Different anti-obesity drugs are available on the market, but most of them show important side effects and lack long-term efficacy [6]. This limitation has led to the search for alternative and/or complementary approaches for treating and preventing this disorder. Herbal remedies and functional foods of plant origin have been the basis of traditional medicine and are commonly used by obese patients [7]. One of the plant families most often applied in traditional medicine is Lamiaceae, which is very abundant in the degraded areas of the Mediterranean maquis and rocky, calcareous, or sandy soils. The genus Lavandula (lavender) includes 39 species that are traditionally employed to treat different diseases, including diabetes [8,9], inflammatory conditions, and digestive complaints [10,11]. It has been described that these crude drugs are rich in a wide range of secondary metabolites that are responsible for their beneficial properties, including antimicrobial, antifungal, and antioxidant activities [9]. Among these Lavandula species, L. multifida has been traditionally used against rheumatism and other inflammatory diseases [10], as well as for the treatment of diabetes and infectious diseases [12]. This study intended to assess the effects of a characterized hydroalcoholic extract of L. multifida (LME) on an experimental model of diet-induced obesity in mice, paying special attention to its impact on the altered metabolic and inflammatory status. Furthermore, the antioxidant and anti-adipogenic properties of the extract were also assessed in vitro in RAW 264 macrophages and 3T3-L1 MBX preadipocytes, respectively.

2. Materials and Methods

2.1. Chemicals and Reagents

The analytical procedures were carried out by employing water purified by a Milli-Q system from Millipore (Bedford, MA, USA), LC-MS grade acetonitrile, and acetic acid, which were purchased from Fisher Chemicals (Waltham, MA, USA), and Sigma-Aldrich (Steinheim, Germany), respectively.
The following reagents were provided from the specified suppliers: sodium carbonate, acetic acid, TPTZ (2,4,6-tris(2-pyridyl)-s-triazine), sodium hydroxide, and hydrochloric acid were acquired from Fluka (Honeywell, NC, USA). Absolute ethanol was purchased from Riedel-de-Haën (Honeywell, NC, USA). Gallic acid, Folin reagent, ABTS (2,2′-azinobis (3-ethylbenzothiazoline-6-sulphonate)), potassium persulfate, Trolox (6-hydroxy-2,5,7,8-tetramethylchroman-2-carboxylic acid), sodium acetate, ferric chloride, heptahydrate ferrous sulfate, fluorescein, AAPH (2,2′-azobis(2-amidinopropane) dihydrochloride), sodium phosphate monobasic, and dibasic were obtained from Sigma-Aldrich (St. Louis, MO, USA).
All chemicals, unless otherwise indicated, were purchased from Sigma-Aldrich (Merck Life Science S.L.U., Madrid, Spain).

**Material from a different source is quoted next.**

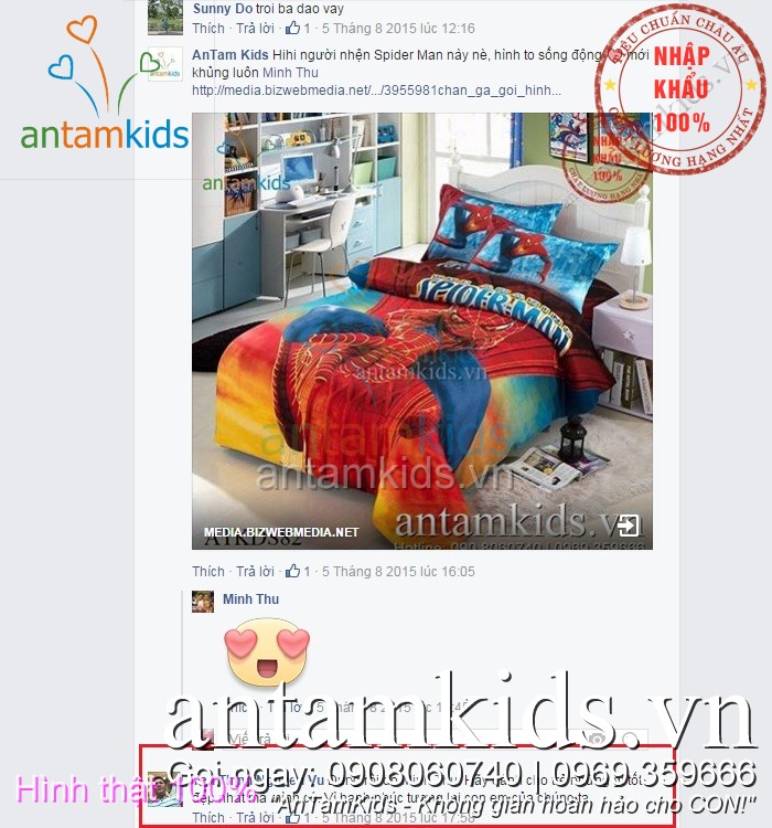 ✔ Cảm ơn Mẹ Minh Thu–Tiền Giang đã tin tưởng chọn mua Bộ sản phẩm Giường xe ôtô và Chăn-Ga-Gối SpiderMan của AnTamKids dành tặng cho Con Trai yêu !

2.2. Plant Material and Preparation of the Extract

The aerial parts of L. multifida were collected in Ízbor (36°53′86″ N 3°30.08′25″ W; Granada, Spain) in April 2015. The plant was identified and authenticated by Dr. M. R. González-Tejero and Dr. J.A. Hita from the department of Botany of the University of Granada, Spain. The voucher specimens corresponding to L. multifida L. (GDA 62621) were deposited in the herbarium of the University of Granada (Granada, Spain). The plant extracts were prepared as described before [13]. Briefly, 5 g of ground plant material was mixed with washed sea sand (Panreac Química S.A.U., Castellar del Vallès (Barcelona, Spain) and extracted with 30 mL of methanol 50% (v/v) at 1500 PSI and 80 °C for 10 min in an ASE200 extraction system (Dionex Corporation, Sunnyvale, CA, USA). After two extraction cycles, liquid extracts were pooled, and the solvent evaporated under a vacuum at 60 °C. The extraction efficiency for L. multifida (expressed as a percentage w/w) was 17%.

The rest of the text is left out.